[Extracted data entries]
########################################
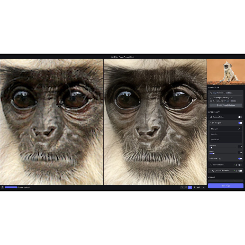 Topaz Photo AI — это мощное программное обеспечение, разработанное с использованием передовых технологий искусственного интеллекта, которое позволяет автоматически улучшать фотографии, делая их более четкими, насыщенными деталями и высокого качества. Основное назначение Topaz Photo AI — автоматическая коррекция качества фотографий благодаря инструментам для уменьшения шума, повышения резкости и масштабирования изображений без потери качества. Это делает его идеальным выбором для фотографов, дизайнеров и редакторов, которым нужно быстро получить отличный результат без сложной ручной обработки.
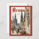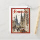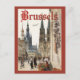 Cette affiche de voyage vintage capture la scène de rue animée de Bruxelles, Belgique. Le design comprend un carré avec des bâtiments historiques et des personnes habillées de vêtements d'époque, avec une cathédrale et un avion au-dessus. Le style d'illustration détaillé rappelle l'âge d'or de l'art voyageur européen.
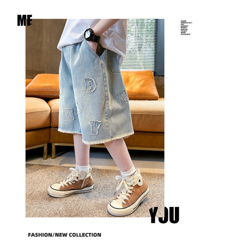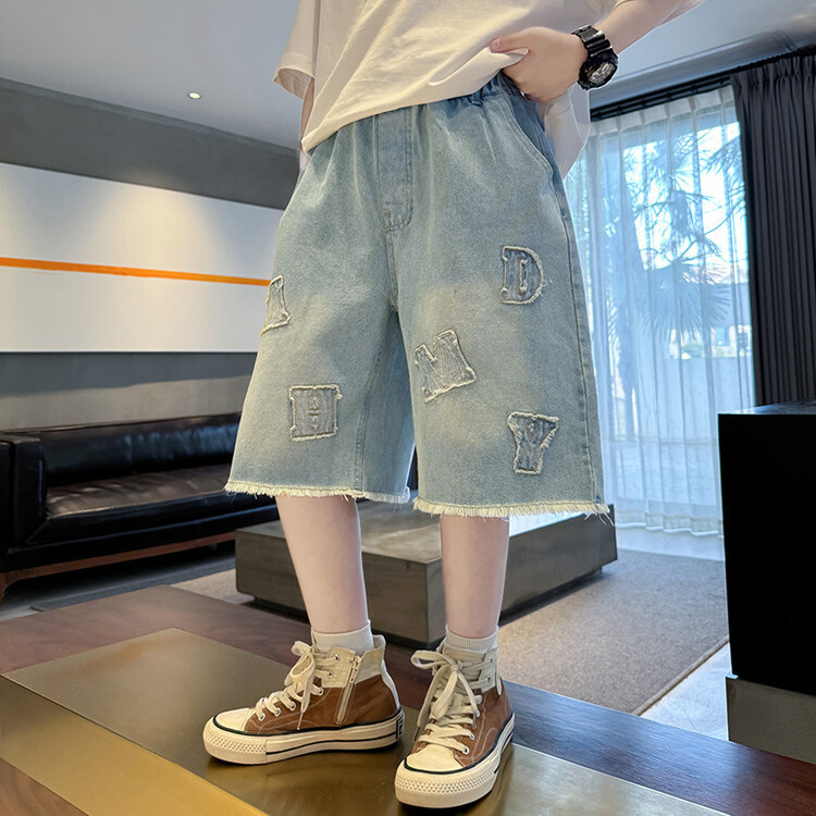 남학생 랩 데님 바지 여름 얇은 어린이 느슨한 바지 소년 잘 생긴 넓은 다리 반바지 국경 간 반바지스토어 가기
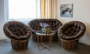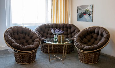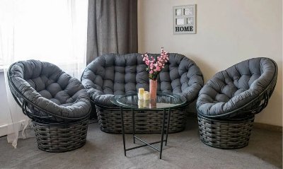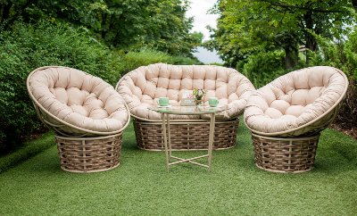 Два крісла та диван з ротанга: кожне крісло - це витвір мистецтва, що поєднує в собі комфорт і стиль. Плетені спинки та м'які подушки забезпечують зручність довгих годин відпочинку.
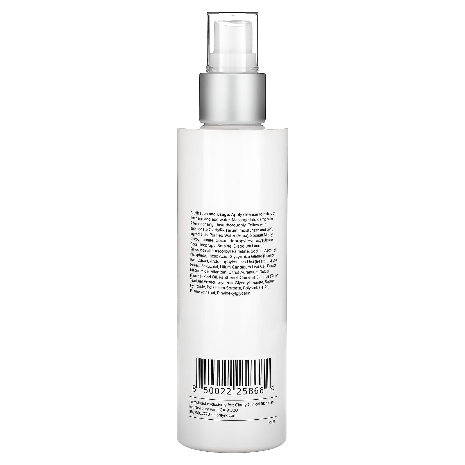 Заявка и использование. Нанесите очищающее средство на ладонях и добавьте воды. Массажными движениями нанесите на влажную кожу. После очищения тщательно смойте. Затем нанесите подходящую сыворотку ClarityRx, увлажняющий крем и продукт с SPF.
########################################
EXERCISE:
The data above should be repeated exactly, minus any pictures.

RESULT OF THIS TASK:
 Topaz Photo AI — это мощное программное обеспечение, разработанное с использованием передовых технологий искусственного интеллекта, которое позволяет автоматически улучшать фотографии, делая их более четкими, насыщенными деталями и высокого качества. Основное назначение Topaz Photo AI — автоматическая коррекция качества фотографий благодаря инструментам для уменьшения шума, повышения резкости и масштабирования изображений без потери качества. Это делает его идеальным выбором для фотографов, дизайнеров и редакторов, которым нужно быстро получить отличный результат без сложной ручной обработки.
 Cette affiche de voyage vintage capture la scène de rue animée de Bruxelles, Belgique. Le design comprend un carré avec des bâtiments historiques et des personnes habillées de vêtements d'époque, avec une cathédrale et un avion au-dessus. Le style d'illustration détaillé rappelle l'âge d'or de l'art voyageur européen.
 남학생 랩 데님 바지 여름 얇은 어린이 느슨한 바지 소년 잘 생긴 넓은 다리 반바지 국경 간 반바지스토어 가기
 Два крісла та диван з ротанга: кожне крісло - це витвір мистецтва, що поєднує в собі комфорт і стиль. Плетені спинки та м'які подушки забезпечують зручність довгих годин відпочинку.
 Заявка и использование. Нанесите очищающее средство на ладонях и добавьте воды. Массажными движениями нанесите на влажную кожу. После очищения тщательно смойте. Затем нанесите подходящую сыворотку ClarityRx, увлажняющий крем и продукт с SPF.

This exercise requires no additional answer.